AutoPatcher Command line interface

AutoPatcher CLI uses the authenticaton provided by the Auth0 service. When you use the CLI for the first time it will open the web page with the login form. You have to log in using your business (@nordcloud.com) email. If you do not have permissions to use the CLI please ask on the #pat-autopatcher slack channel

Installation

Download the latest version (v1.135.0) of nc-autopatcher-cli for your platform and architecture:

For Linux and MacOS:

2.1. cp /path/to/downloaded/nc-autopatcher-cli-{VERSION}-{PLATFORM}-prod-{ARCH} ~/.local/bin/nc-autopatcher-cli

2.2. chmod +x ~/.local/bin/nc-autopatcher-cli

Configuration

Run the following command to configure the CLI for the usage with your customer environment:

nc-autopatcher-cli configure

The list of all available customers (with auto-completion capability) will be shown.

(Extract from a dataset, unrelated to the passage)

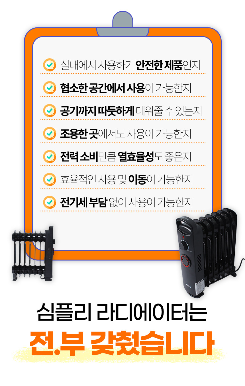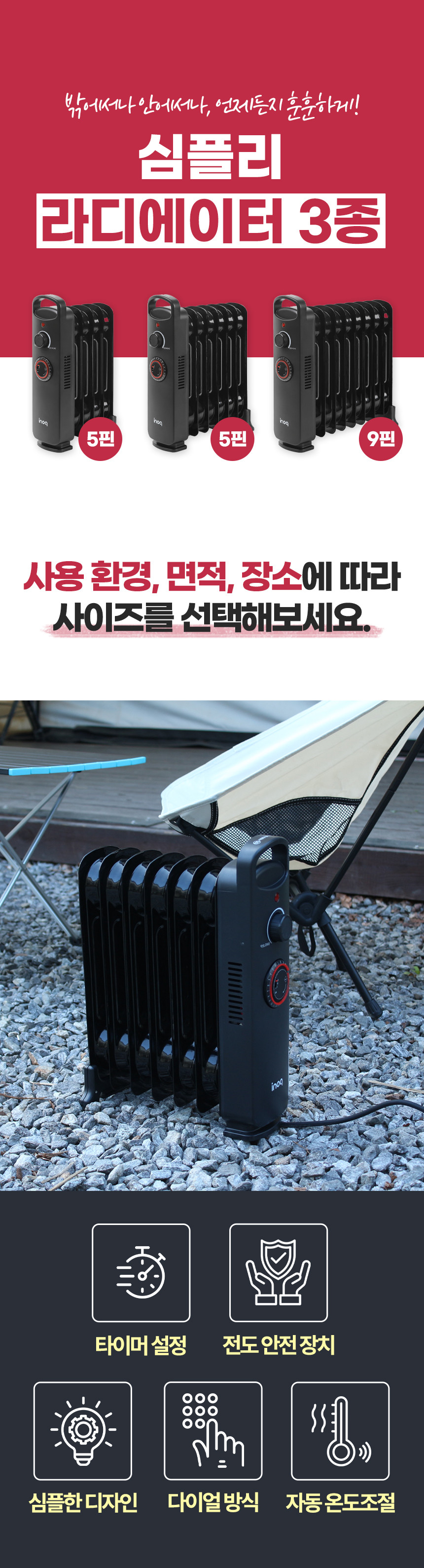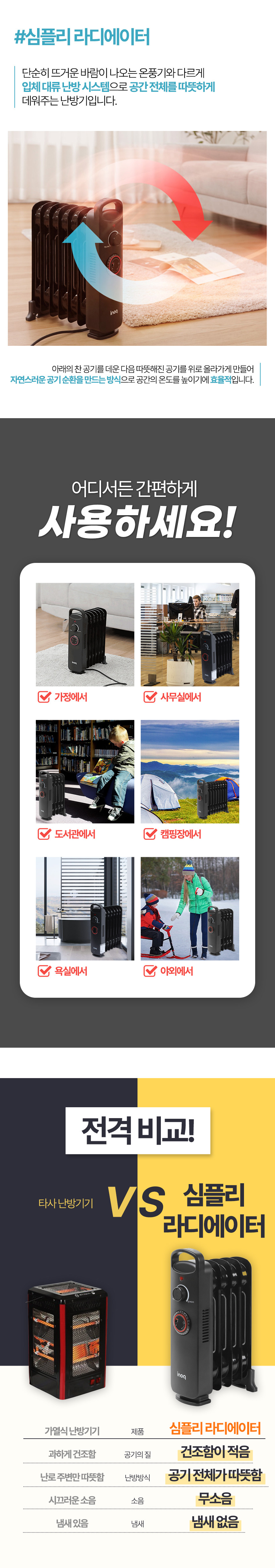 HOME > 계절가전 > 난방기기 > 심플리 미니 라디에이터 캠핑 캠핑용 난방 소형 전기 가정용 욕실 화장실 동파방지 방열기

For more advanced configuration see Advanced configuration.

Usage

nc-autopatcher-cli COMMAND SUBCOMMAND [FLAGS]

COMMANDs are divided into three categories:

Commands for general API items access
Resource-specific commands
Other commands

General API items access

get ITEM - Get one item
list ITEMs - Get all items of some type (note the plural form of ITEMs)
create ITEM - Create an item
update ITEM - Update an items
delete ITEM - Delete an item

An ITEM can be one of:

machine
event
plan
pipeline
notification_group
update_log

Please note that not all general API item access commands can be used with all item types. Refer to the corresponding command's help to see valid combinations.

get, update and delete require an ID of the item to be passed through --id flag.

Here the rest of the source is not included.